No se sentía vulnerable, ni objetivo

Los Uria nacieron en el caserío Azkune, en las faldas del imponente monte Izarraitz que domina el valle guipuzcoano del río Urola, junto a la recta que conduce al renacentista santuario de Loyola, la cuna de san Ignacio. Azpeitia es el corazón de Guipúzcoa. En ese escenario donde nació, donde tenía ubicada la empresa a la que dio su vida, donde seguía viviendo y donde se divertía jugando a diario la partida después del trabajo, Ignacio Uria, fue asesinado ayer por ETA.
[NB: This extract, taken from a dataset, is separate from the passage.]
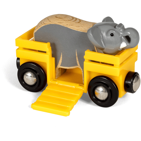 Der Elefant im Waggon lässt sich an jeden Zug der BRIO World ankoppeln und

Los Uria son una saga azpeitiarra de nueve hermanos, pero sólo los tres chicos siguieron la estela de su padre, que fundó la pequeña empresa de construcción trabajando como albañil y que ellos después convirtieron en una de las mayores constructoras guipuzcoanas, la de referencia en obra civil. Ignacio, que el próximo 3 de enero hubiera cumplido 72 años, comenzó a trabajar a los 13, a pie de obra, en las máquinas y en las zanjas, y todavía seguía trabajando todas las mañanas, pero ahora en la oficina, ya que tenía algún problema de movilidad, según algunos allegados.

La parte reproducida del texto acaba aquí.